> _Task statement_
Your copy should hold only the lines from the one containing "August 1945 Wray" through the final line of the entries, exactly as written, with no pictures.

> _Material for the task_

◆ ◆ ◆ ◆ ◆

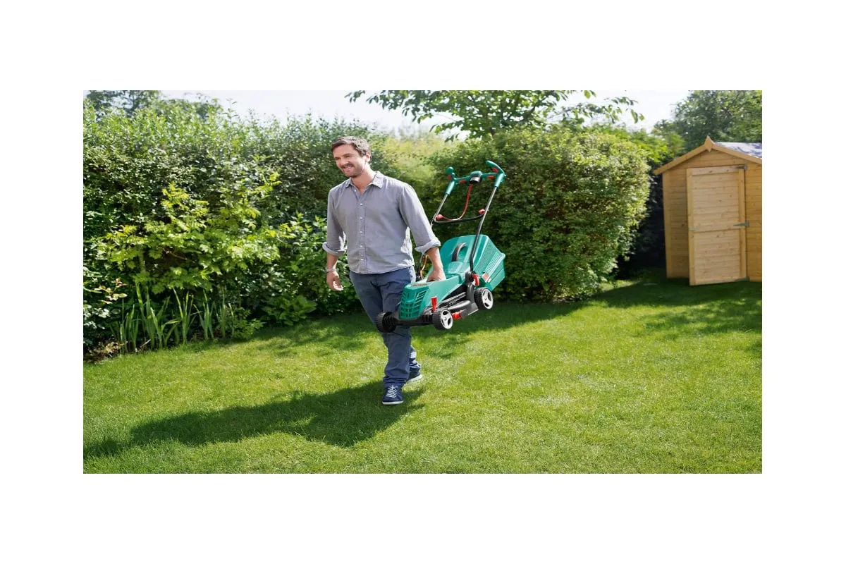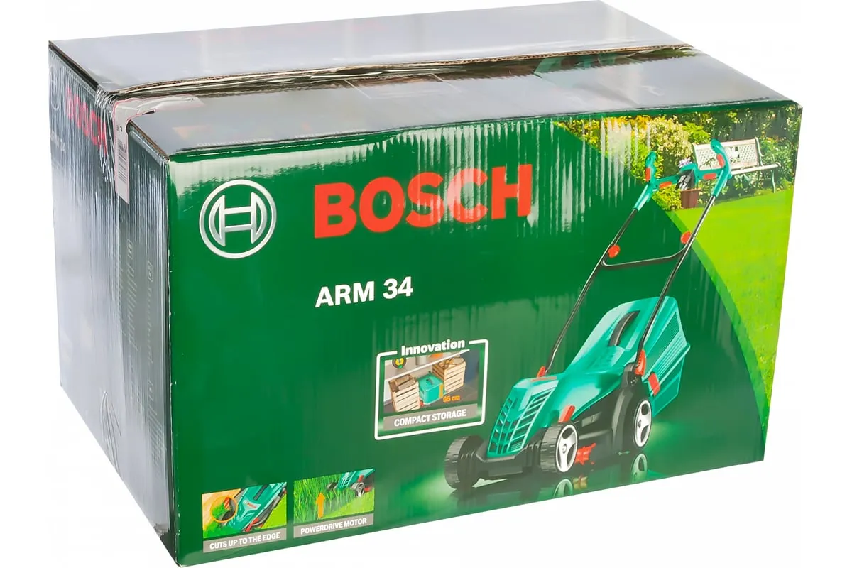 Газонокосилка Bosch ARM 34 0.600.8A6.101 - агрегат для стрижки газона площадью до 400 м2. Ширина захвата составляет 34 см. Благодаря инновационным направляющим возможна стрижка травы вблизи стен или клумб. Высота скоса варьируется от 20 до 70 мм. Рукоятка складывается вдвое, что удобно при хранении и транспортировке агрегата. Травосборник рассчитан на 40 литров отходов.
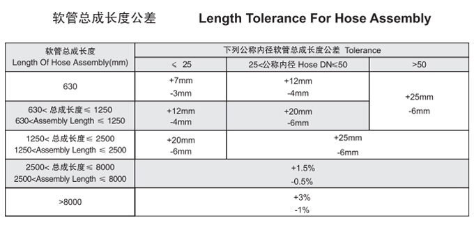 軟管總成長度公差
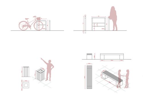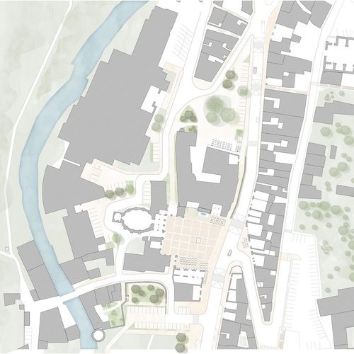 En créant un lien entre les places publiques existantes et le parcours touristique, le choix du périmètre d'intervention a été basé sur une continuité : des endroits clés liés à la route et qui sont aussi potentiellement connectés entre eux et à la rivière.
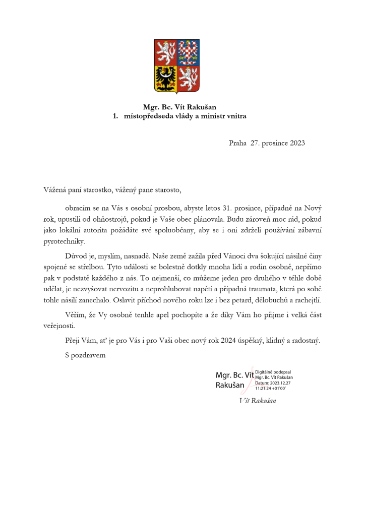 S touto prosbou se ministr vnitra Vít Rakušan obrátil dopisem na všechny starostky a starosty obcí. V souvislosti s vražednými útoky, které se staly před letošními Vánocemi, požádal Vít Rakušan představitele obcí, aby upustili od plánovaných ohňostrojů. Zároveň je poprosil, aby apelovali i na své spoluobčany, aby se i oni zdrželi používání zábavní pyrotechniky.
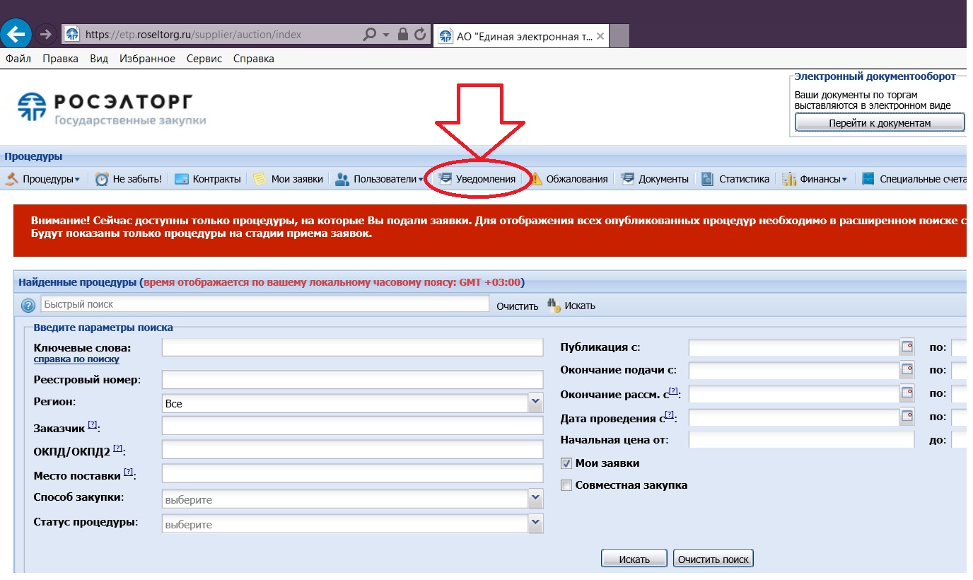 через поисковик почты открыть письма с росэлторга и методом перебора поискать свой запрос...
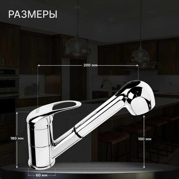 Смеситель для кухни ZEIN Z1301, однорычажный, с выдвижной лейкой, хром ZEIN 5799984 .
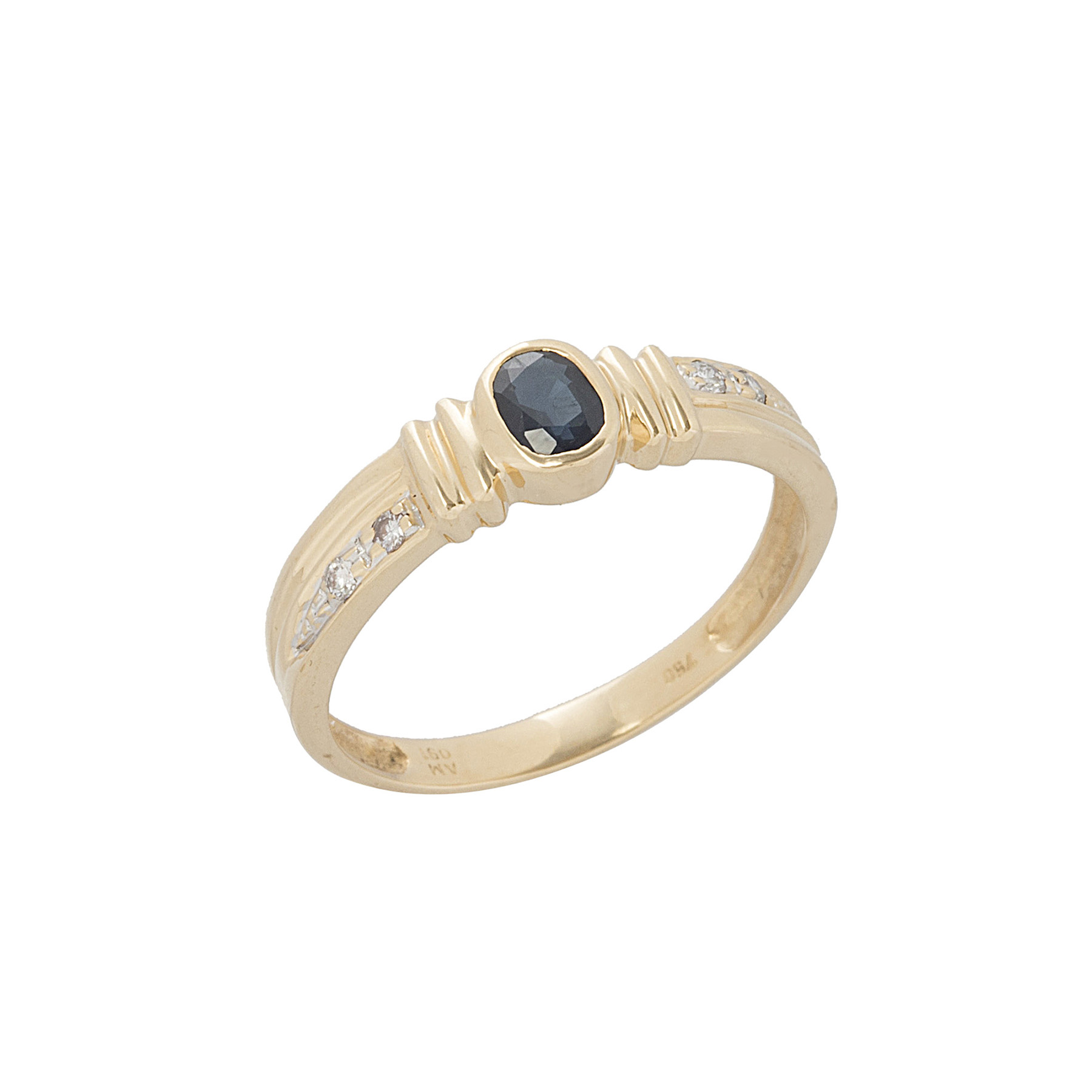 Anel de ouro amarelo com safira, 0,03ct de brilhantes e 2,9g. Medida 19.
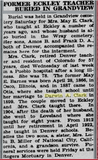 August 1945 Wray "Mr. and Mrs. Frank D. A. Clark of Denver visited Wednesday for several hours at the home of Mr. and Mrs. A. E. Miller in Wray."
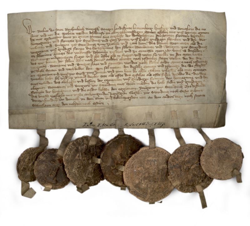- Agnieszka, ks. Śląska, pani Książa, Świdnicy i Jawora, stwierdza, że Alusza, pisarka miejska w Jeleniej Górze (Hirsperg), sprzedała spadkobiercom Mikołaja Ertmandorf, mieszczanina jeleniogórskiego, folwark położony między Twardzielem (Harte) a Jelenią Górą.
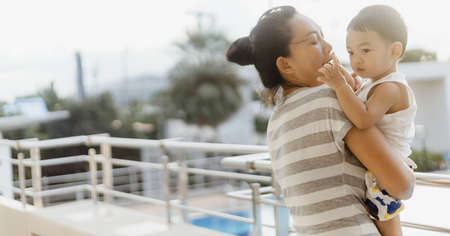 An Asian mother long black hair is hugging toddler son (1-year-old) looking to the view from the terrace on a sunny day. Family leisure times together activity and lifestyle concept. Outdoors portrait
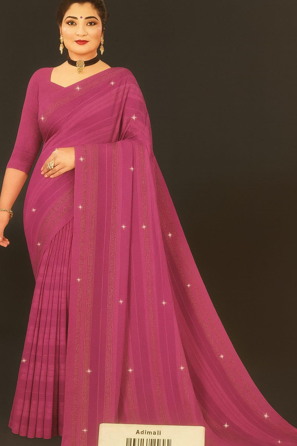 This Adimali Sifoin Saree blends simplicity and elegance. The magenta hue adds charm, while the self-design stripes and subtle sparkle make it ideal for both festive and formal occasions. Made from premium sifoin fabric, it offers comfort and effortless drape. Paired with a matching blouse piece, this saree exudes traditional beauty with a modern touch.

◆ ◆ ◆ ◆ ◆

> _Answer for the task_
 August 1945 Wray "Mr. and Mrs. Frank D. A. Clark of Denver visited Wednesday for several hours at the home of Mr. and Mrs. A. E. Miller in Wray."
- Agnieszka, ks. Śląska, pani Książa, Świdnicy i Jawora, stwierdza, że Alusza, pisarka miejska w Jeleniej Górze (Hirsperg), sprzedała spadkobiercom Mikołaja Ertmandorf, mieszczanina jeleniogórskiego, folwark położony między Twardzielem (Harte) a Jelenią Górą.
 An Asian mother long black hair is hugging toddler son (1-year-old) looking to the view from the terrace on a sunny day. Family leisure times together activity and lifestyle concept. Outdoors portrait
 This Adimali Sifoin Saree blends simplicity and elegance. The magenta hue adds charm, while the self-design stripes and subtle sparkle make it ideal for both festive and formal occasions. Made from premium sifoin fabric, it offers comfort and effortless drape. Paired with a matching blouse piece, this saree exudes traditional beauty with a modern touch.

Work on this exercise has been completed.